Alessandro non era la classica figura dell’accademico contemporaneo, non andava in giro per convegni e congressi, e quindi forse era poco conosciuto. Certo, aveva buone relazioni con altri studiosi, ma solo con coloro con i quali avrebbe potuto stabilire un dialogo franco e senza gerarchie, e dai quali pensava di poter realmente imparare qualcosa. La sua attività intellettuale andava in molte direzioni. Da oltre 15 anni curava il sito web del Seminario di Teoria critica dell’Università di Venezia (www.teoriacritica.it) e di cui nell’ultimo anno aveva assunto la direzione. I suoi numerosi interventi nel blog Prismi – Pensieri filosofici (http://prismi.wordpress.com) mostrano la sua versatilità e le sue molteplici competenze.
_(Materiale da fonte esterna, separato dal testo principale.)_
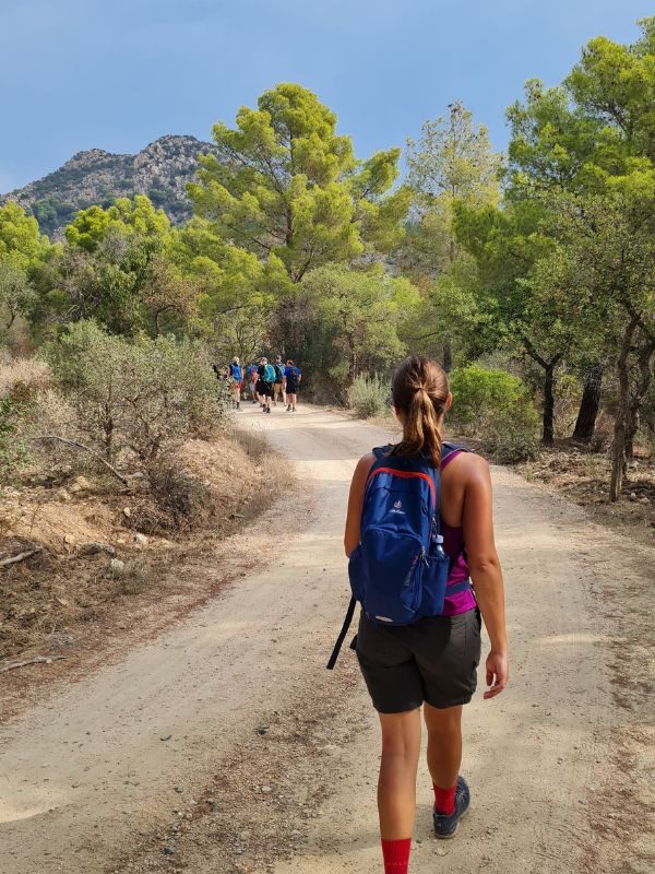 Am Montag ging es los mit einer Panoramawanderung. Und die machte ihrem Namen wirklich alle Ehre. 12 km und circa 200 Höhenmeter haben sich gelohnt. Zu Beginn ging es durch kühle Pinienwälder im Biderosa-Park, und schließlich wartete nach einem moderaten Anstieg eine grandiose Aufsicht auf grüne Wälder, Binnenmeer und Meer sowie Berge auf uns. Traumhaft.

Il suo sguardo serio e sincero diceva tutto di lui: l’esistenza non era una passeggiata, il nostro stare nel mondo richiedeva impegno e la necessaria fermezza nel denunciarne storture e manchevolezze, la sistematica violazione dei diritti non poteva essere accettata. Ma è nella sua attenzione per “l’alterità” che risiede il suo testamento spirituale: l’aspirazione utopica verso una società emancipata in cui gli esseri umani non avrebbero più sofferto per le ingiustizie e in cui ogni crudeltà, anche quella nei confronti degli animali, sarebbe stata definitivamente bandita.